▶ **TO DO**: Reproduce exactly the lines of this material that begin at the line with "صينية جلدية أنيقة" and end at the line with "Der ästhetisch gestaltete", both included. Omit the pictures and everything else.

▶ **AVAILABLE DATA**:
◇ ◇ ◇ ◇
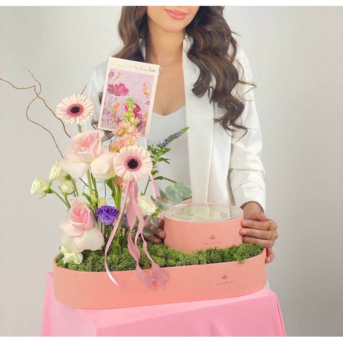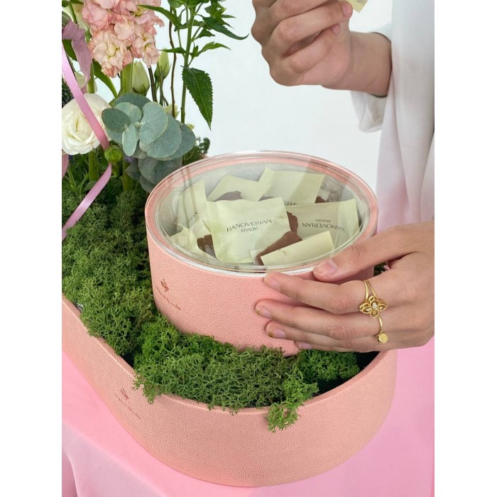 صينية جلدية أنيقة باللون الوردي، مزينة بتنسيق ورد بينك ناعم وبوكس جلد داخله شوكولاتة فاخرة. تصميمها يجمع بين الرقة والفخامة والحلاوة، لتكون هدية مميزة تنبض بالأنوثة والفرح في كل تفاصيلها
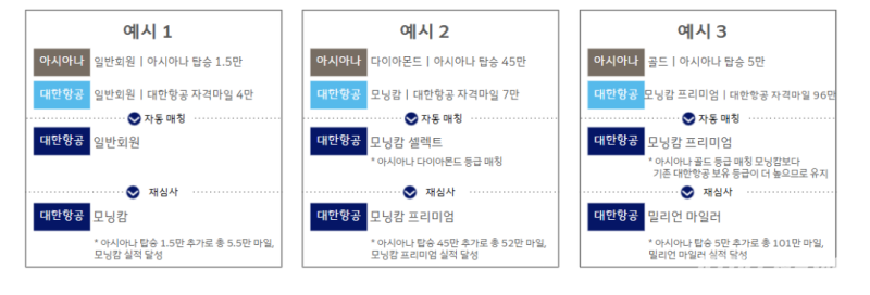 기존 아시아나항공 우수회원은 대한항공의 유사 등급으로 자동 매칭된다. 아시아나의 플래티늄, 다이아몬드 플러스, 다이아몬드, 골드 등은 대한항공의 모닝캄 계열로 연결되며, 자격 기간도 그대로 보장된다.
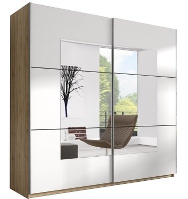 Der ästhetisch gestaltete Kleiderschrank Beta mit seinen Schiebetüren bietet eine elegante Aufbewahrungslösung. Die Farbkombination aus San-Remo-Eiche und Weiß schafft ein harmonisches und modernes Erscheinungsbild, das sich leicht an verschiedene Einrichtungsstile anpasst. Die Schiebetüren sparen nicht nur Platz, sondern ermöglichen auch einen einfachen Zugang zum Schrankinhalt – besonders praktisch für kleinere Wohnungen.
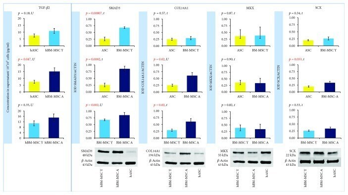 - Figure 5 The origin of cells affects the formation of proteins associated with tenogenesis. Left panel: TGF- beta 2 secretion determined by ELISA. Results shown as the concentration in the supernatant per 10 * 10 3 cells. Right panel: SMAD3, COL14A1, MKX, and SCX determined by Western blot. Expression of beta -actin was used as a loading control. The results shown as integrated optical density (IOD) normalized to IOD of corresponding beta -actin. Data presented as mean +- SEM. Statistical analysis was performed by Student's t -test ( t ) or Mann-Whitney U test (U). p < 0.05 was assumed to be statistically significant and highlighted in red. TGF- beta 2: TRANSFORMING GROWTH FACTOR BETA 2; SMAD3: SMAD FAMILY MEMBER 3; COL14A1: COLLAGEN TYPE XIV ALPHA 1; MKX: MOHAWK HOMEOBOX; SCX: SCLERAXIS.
◇ ◇ ◇ ◇
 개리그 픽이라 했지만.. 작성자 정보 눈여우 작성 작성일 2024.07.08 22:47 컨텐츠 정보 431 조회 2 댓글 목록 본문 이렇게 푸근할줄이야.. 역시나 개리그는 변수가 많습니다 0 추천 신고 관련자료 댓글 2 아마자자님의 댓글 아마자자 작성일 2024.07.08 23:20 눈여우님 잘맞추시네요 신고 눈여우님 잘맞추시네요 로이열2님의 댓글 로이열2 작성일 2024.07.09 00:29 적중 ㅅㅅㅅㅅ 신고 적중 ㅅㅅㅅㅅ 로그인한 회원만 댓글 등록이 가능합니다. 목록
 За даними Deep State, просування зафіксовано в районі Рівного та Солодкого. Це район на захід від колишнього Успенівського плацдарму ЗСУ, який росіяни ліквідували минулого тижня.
◇ ◇ ◇ ◇
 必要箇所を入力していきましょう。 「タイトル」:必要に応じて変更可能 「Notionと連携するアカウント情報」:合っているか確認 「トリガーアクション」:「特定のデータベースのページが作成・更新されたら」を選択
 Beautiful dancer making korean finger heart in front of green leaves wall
◇ ◇ ◇ ◇
▶ **SOLUTION TO THE PROBLEM**:
 صينية جلدية أنيقة باللون الوردي، مزينة بتنسيق ورد بينك ناعم وبوكس جلد داخله شوكولاتة فاخرة. تصميمها يجمع بين الرقة والفخامة والحلاوة، لتكون هدية مميزة تنبض بالأنوثة والفرح في كل تفاصيلها
 기존 아시아나항공 우수회원은 대한항공의 유사 등급으로 자동 매칭된다. 아시아나의 플래티늄, 다이아몬드 플러스, 다이아몬드, 골드 등은 대한항공의 모닝캄 계열로 연결되며, 자격 기간도 그대로 보장된다.
 Der ästhetisch gestaltete Kleiderschrank Beta mit seinen Schiebetüren bietet eine elegante Aufbewahrungslösung. Die Farbkombination aus San-Remo-Eiche und Weiß schafft ein harmonisches und modernes Erscheinungsbild, das sich leicht an verschiedene Einrichtungsstile anpasst. Die Schiebetüren sparen nicht nur Platz, sondern ermöglichen auch einen einfachen Zugang zum Schrankinhalt – besonders praktisch für kleinere Wohnungen.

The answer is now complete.